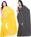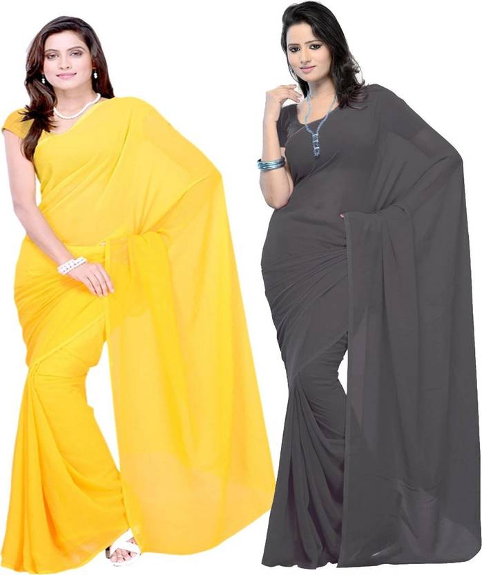FANCYNINE Dyed Gold and Grey Saree With Unstitched Blouse & Saree Fabric - Georgette, Blouse - Georgette, with Length of Saree - 5.5,Blouse - 0.8
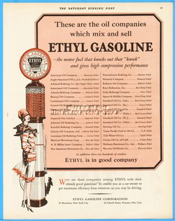 1928 Ethyl Gasoline Gas Pump Globe Art Service Station 192X flapper girl art Ad
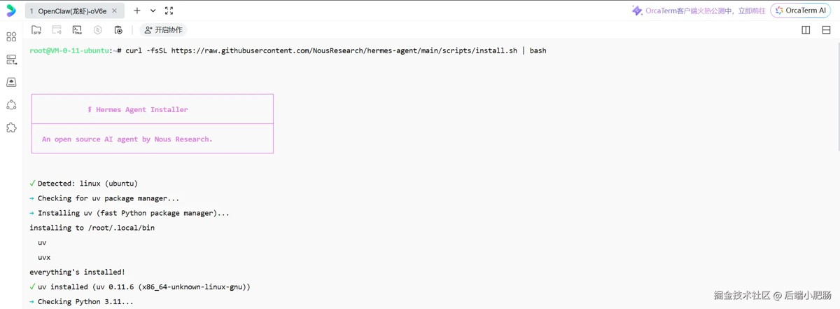 大家好,我是小肥肠。Openclaw 还没完全摸透,hermes-agent 又来了,这几天社群里都在问安装教程,我去看了一下相关资料发现确实值得卷一下。这篇教程就教大家在自己的 云服务器 上从0到1将hermes-agent安装并接入 飞书 ,感兴趣就码住跟练哦~
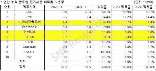 根據(jù)韓國市場調(diào)查機構(gòu) SNE Research 發(fā)布的最新報告,2024 年 1 月全球電動汽車電池總裝機量為 51.5 GWh,相比較去年 1 月(32.1 GWh)增長了 60.6%。
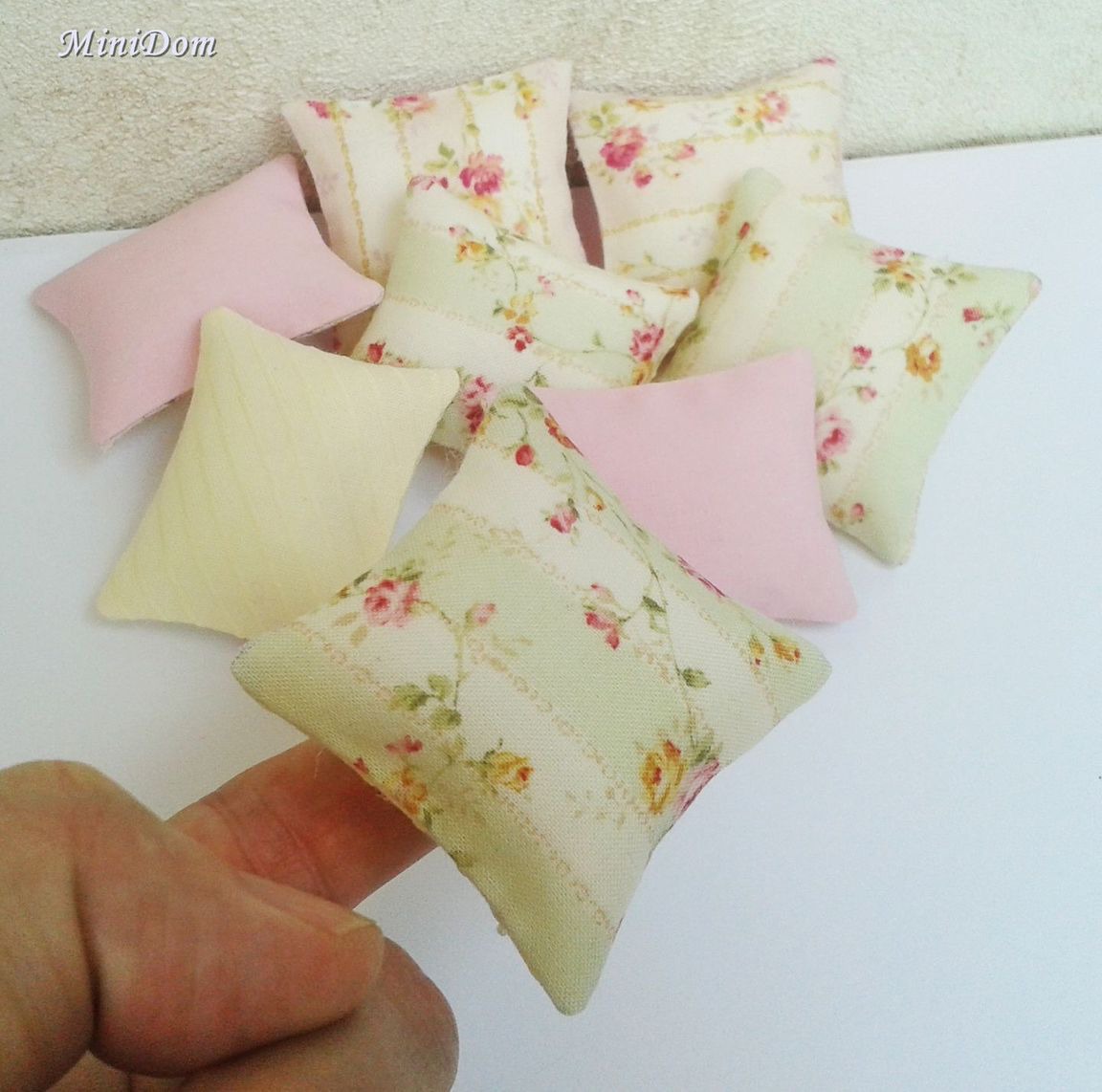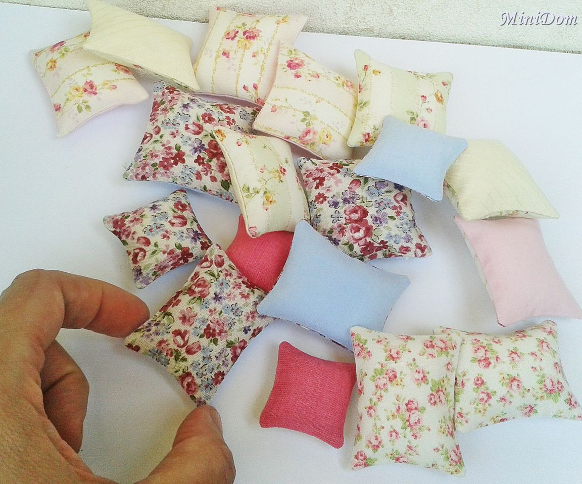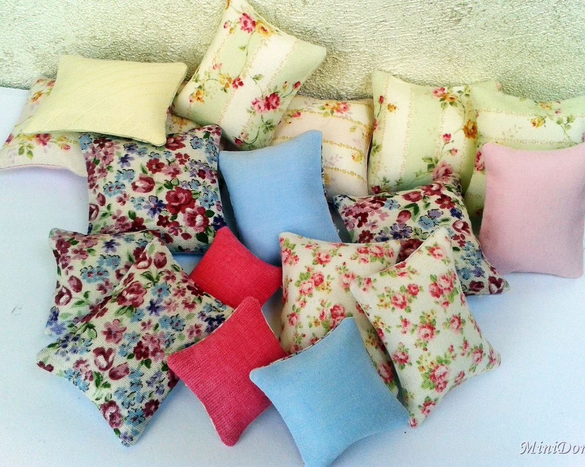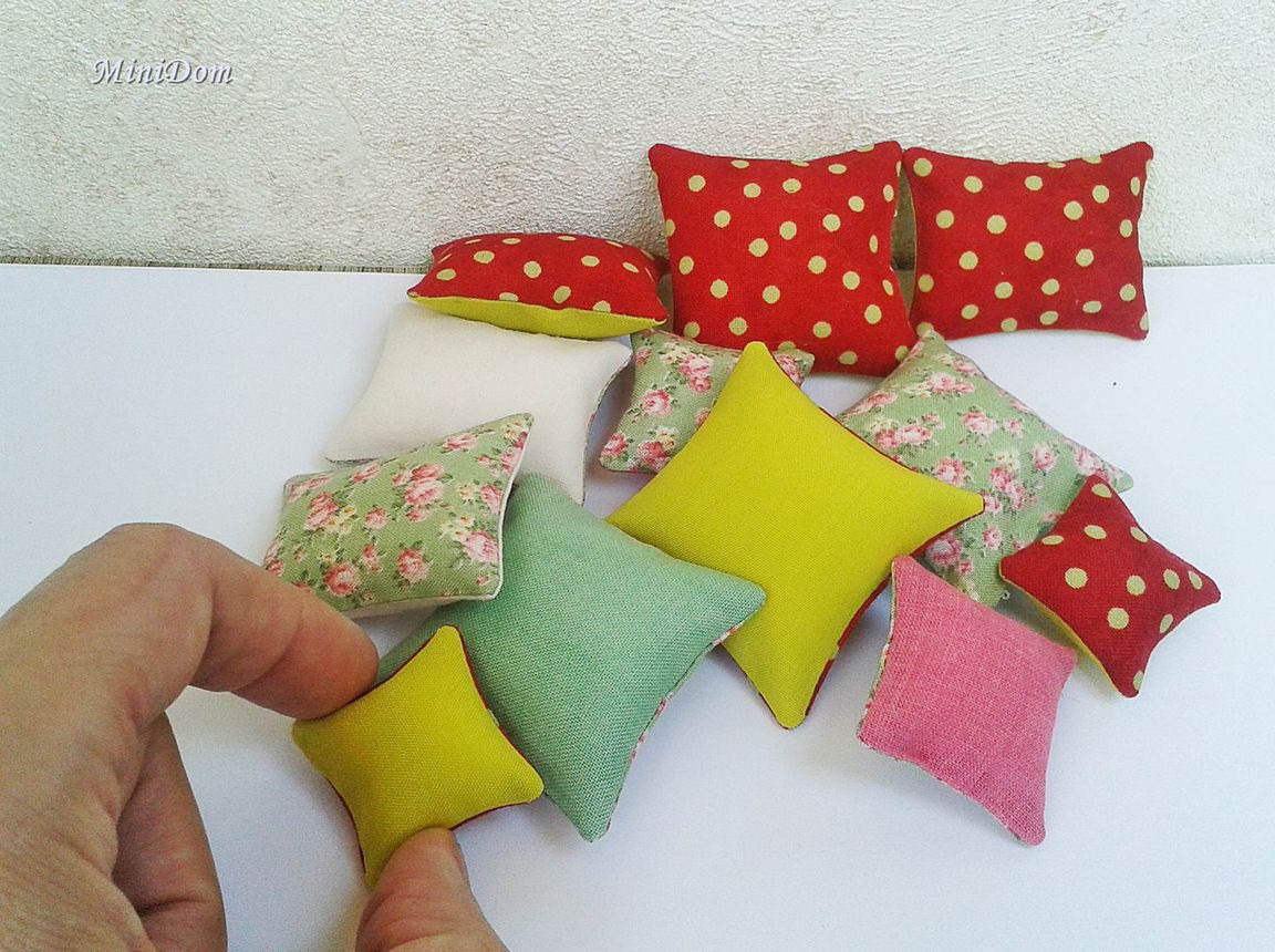 Аксессуары для кукольного домика - Подушки для кукол разного цвета и размера выполнены из 100% хлопка, набиты искусственным лебяжьим пухом. Это полностью ручная работа, практически все подушки сделаны двусторонними, т.е. они подойдут к самым разным кукольным интерьерам - от стиля кантри или Прованс до деревенского стиля.
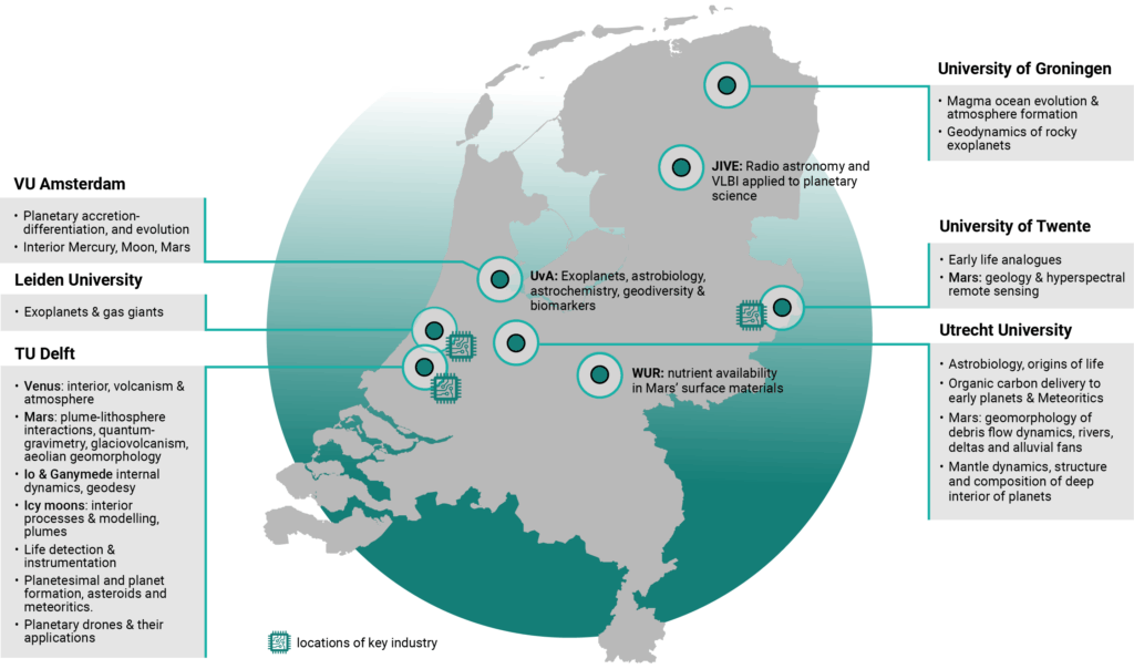 Planetary science is a scientific field situated at the interface of the geosciences and astronomy. Research in this domain relies on methods championed by these respective fields and targets key questions related to planet formation, planetary evolution, habitability and the origins of life. Within the Netherlands the planetary science field is mainly demarcated by research focussed on geoscience topics targeting solar system objects. In parallel important interfaces and collaborations with astronomy subfields have evolved, where planetary geoscience and (exo-)planetary astronomy offer complementarity and create an interdisciplinary ecosystem to solve scientific questions of mutual research foci.
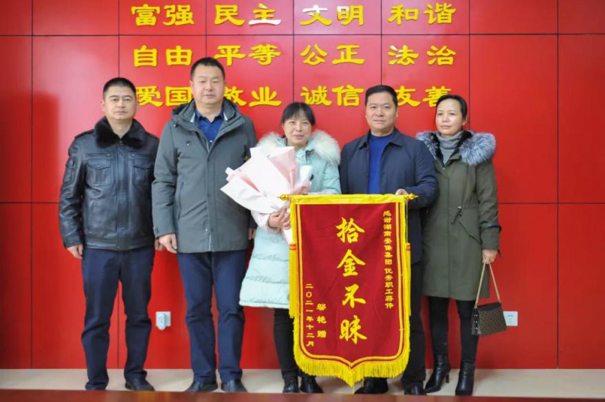 近日,娄底市大埠桥街道办事处石马居委会村民邬女士将写着“拾金不昧”的锦旗送到了伟德国际1946官网人力资源部人员蒋伟手上。邬女士激动地说:“这么大的背包丢了我还完全不知情,直到了你们打来电话我才知道包丢了。里面证件一旦丢失,会带来很多麻烦,真是太感谢你了!”
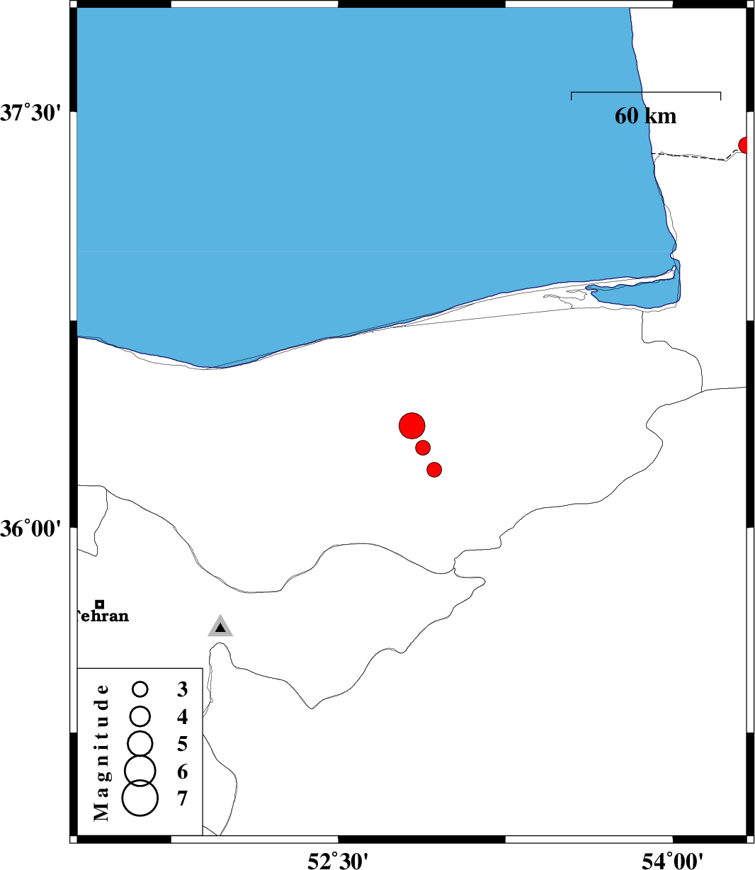 | 2012/01/11 | 19:03:20.3 | 22:33:20.3 | 36.21 | 52.93 | 18 | ML:2.9 | Mazandaran Province, 15 km West of Pol-E-Sefid | ||
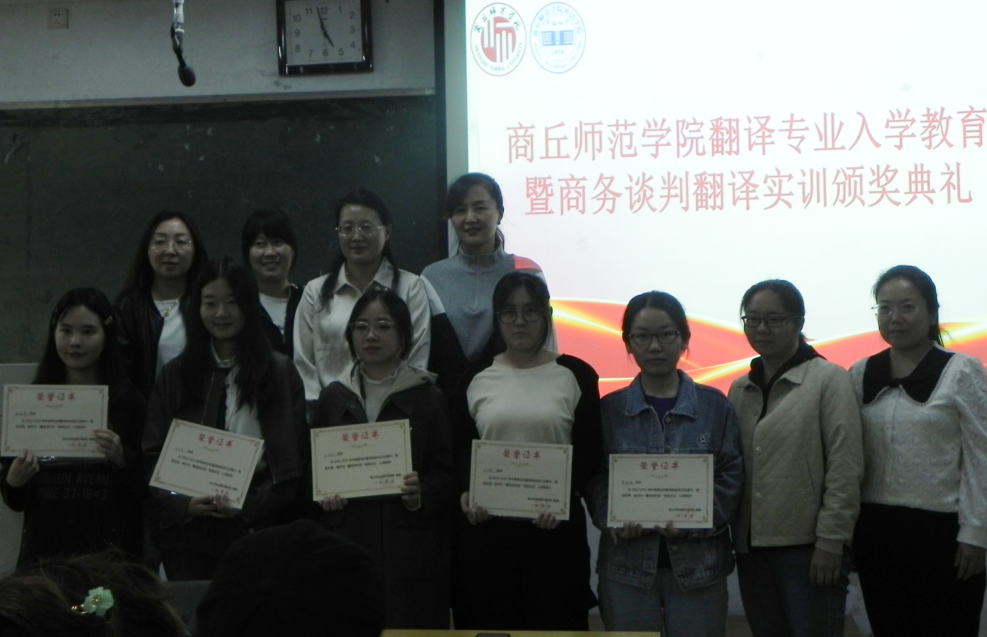 为扎实做好新生入学专业教育工作,引导新生尽早做好学业规划与未来方向选择,英国365集团官网翻译系于10月13日下午在智圆楼217教室举行专业教育暨商务谈判翻译颁奖活动。翻译系全体教师和英语专业教师刘桃桃、王东阳、王晓燕参加活动。

▸ **TRY IT**: Going by the data above, the answer is exactly the lines from the one holding "上从0到1将hermes-agent安装并接入 飞书 ,感兴趣就码住跟练哦~" to the one holding "近日,娄底市大埠桥街道办事处", both kept, with the pictures left out.

▸ **SOLUTION FOR THIS PROBLEM**:
 大家好,我是小肥肠。Openclaw 还没完全摸透,hermes-agent 又来了,这几天社群里都在问安装教程,我去看了一下相关资料发现确实值得卷一下。这篇教程就教大家在自己的 云服务器 上从0到1将hermes-agent安装并接入 飞书 ,感兴趣就码住跟练哦~
 根據(jù)韓國市場調(diào)查機構(gòu) SNE Research 發(fā)布的最新報告,2024 年 1 月全球電動汽車電池總裝機量為 51.5 GWh,相比較去年 1 月(32.1 GWh)增長了 60.6%。
 Аксессуары для кукольного домика - Подушки для кукол разного цвета и размера выполнены из 100% хлопка, набиты искусственным лебяжьим пухом. Это полностью ручная работа, практически все подушки сделаны двусторонними, т.е. они подойдут к самым разным кукольным интерьерам - от стиля кантри или Прованс до деревенского стиля.
 Planetary science is a scientific field situated at the interface of the geosciences and astronomy. Research in this domain relies on methods championed by these respective fields and targets key questions related to planet formation, planetary evolution, habitability and the origins of life. Within the Netherlands the planetary science field is mainly demarcated by research focussed on geoscience topics targeting solar system objects. In parallel important interfaces and collaborations with astronomy subfields have evolved, where planetary geoscience and (exo-)planetary astronomy offer complementarity and create an interdisciplinary ecosystem to solve scientific questions of mutual research foci.
 近日,娄底市大埠桥街道办事处石马居委会村民邬女士将写着“拾金不昧”的锦旗送到了伟德国际1946官网人力资源部人员蒋伟手上。邬女士激动地说:“这么大的背包丢了我还完全不知情,直到了你们打来电话我才知道包丢了。里面证件一旦丢失,会带来很多麻烦,真是太感谢你了!”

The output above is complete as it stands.